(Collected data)
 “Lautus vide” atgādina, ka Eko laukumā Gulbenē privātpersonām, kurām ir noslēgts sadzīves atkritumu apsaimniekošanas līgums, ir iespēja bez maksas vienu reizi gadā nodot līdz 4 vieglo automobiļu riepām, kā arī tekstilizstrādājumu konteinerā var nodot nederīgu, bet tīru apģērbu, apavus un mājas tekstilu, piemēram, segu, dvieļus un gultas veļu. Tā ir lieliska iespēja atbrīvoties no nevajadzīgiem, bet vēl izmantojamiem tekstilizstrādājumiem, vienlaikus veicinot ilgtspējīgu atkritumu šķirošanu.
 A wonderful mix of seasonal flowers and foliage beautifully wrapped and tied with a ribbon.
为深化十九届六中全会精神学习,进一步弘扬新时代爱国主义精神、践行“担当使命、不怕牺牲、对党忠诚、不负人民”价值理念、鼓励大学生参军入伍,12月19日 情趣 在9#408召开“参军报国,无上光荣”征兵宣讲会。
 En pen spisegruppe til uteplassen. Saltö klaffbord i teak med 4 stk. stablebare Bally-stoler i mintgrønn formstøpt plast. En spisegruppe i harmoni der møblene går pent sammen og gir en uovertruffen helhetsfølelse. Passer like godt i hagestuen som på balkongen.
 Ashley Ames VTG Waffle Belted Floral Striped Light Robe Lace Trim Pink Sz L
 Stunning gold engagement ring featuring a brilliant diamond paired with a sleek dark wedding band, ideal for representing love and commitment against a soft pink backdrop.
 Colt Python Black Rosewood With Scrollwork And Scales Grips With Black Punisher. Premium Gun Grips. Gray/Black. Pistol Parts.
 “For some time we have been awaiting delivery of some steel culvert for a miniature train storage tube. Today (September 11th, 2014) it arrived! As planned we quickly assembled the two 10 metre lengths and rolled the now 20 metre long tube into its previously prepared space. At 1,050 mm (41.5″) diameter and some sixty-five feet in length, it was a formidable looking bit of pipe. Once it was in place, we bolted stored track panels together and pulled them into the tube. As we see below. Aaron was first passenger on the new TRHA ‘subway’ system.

→ WHAT YOU SHOULD DO: What's wanted is each line above, transcribed with nothing altered.

→ EXERCISE SOLUTION:
 “Lautus vide” atgādina, ka Eko laukumā Gulbenē privātpersonām, kurām ir noslēgts sadzīves atkritumu apsaimniekošanas līgums, ir iespēja bez maksas vienu reizi gadā nodot līdz 4 vieglo automobiļu riepām, kā arī tekstilizstrādājumu konteinerā var nodot nederīgu, bet tīru apģērbu, apavus un mājas tekstilu, piemēram, segu, dvieļus un gultas veļu. Tā ir lieliska iespēja atbrīvoties no nevajadzīgiem, bet vēl izmantojamiem tekstilizstrādājumiem, vienlaikus veicinot ilgtspējīgu atkritumu šķirošanu.
 A wonderful mix of seasonal flowers and foliage beautifully wrapped and tied with a ribbon.
为深化十九届六中全会精神学习,进一步弘扬新时代爱国主义精神、践行“担当使命、不怕牺牲、对党忠诚、不负人民”价值理念、鼓励大学生参军入伍,12月19日 情趣 在9#408召开“参军报国,无上光荣”征兵宣讲会。
 En pen spisegruppe til uteplassen. Saltö klaffbord i teak med 4 stk. stablebare Bally-stoler i mintgrønn formstøpt plast. En spisegruppe i harmoni der møblene går pent sammen og gir en uovertruffen helhetsfølelse. Passer like godt i hagestuen som på balkongen.
 Ashley Ames VTG Waffle Belted Floral Striped Light Robe Lace Trim Pink Sz L
 Stunning gold engagement ring featuring a brilliant diamond paired with a sleek dark wedding band, ideal for representing love and commitment against a soft pink backdrop.
 Colt Python Black Rosewood With Scrollwork And Scales Grips With Black Punisher. Premium Gun Grips. Gray/Black. Pistol Parts.
 “For some time we have been awaiting delivery of some steel culvert for a miniature train storage tube. Today (September 11th, 2014) it arrived! As planned we quickly assembled the two 10 metre lengths and rolled the now 20 metre long tube into its previously prepared space. At 1,050 mm (41.5″) diameter and some sixty-five feet in length, it was a formidable looking bit of pipe. Once it was in place, we bolted stored track panels together and pulled them into the tube. As we see below. Aaron was first passenger on the new TRHA ‘subway’ system.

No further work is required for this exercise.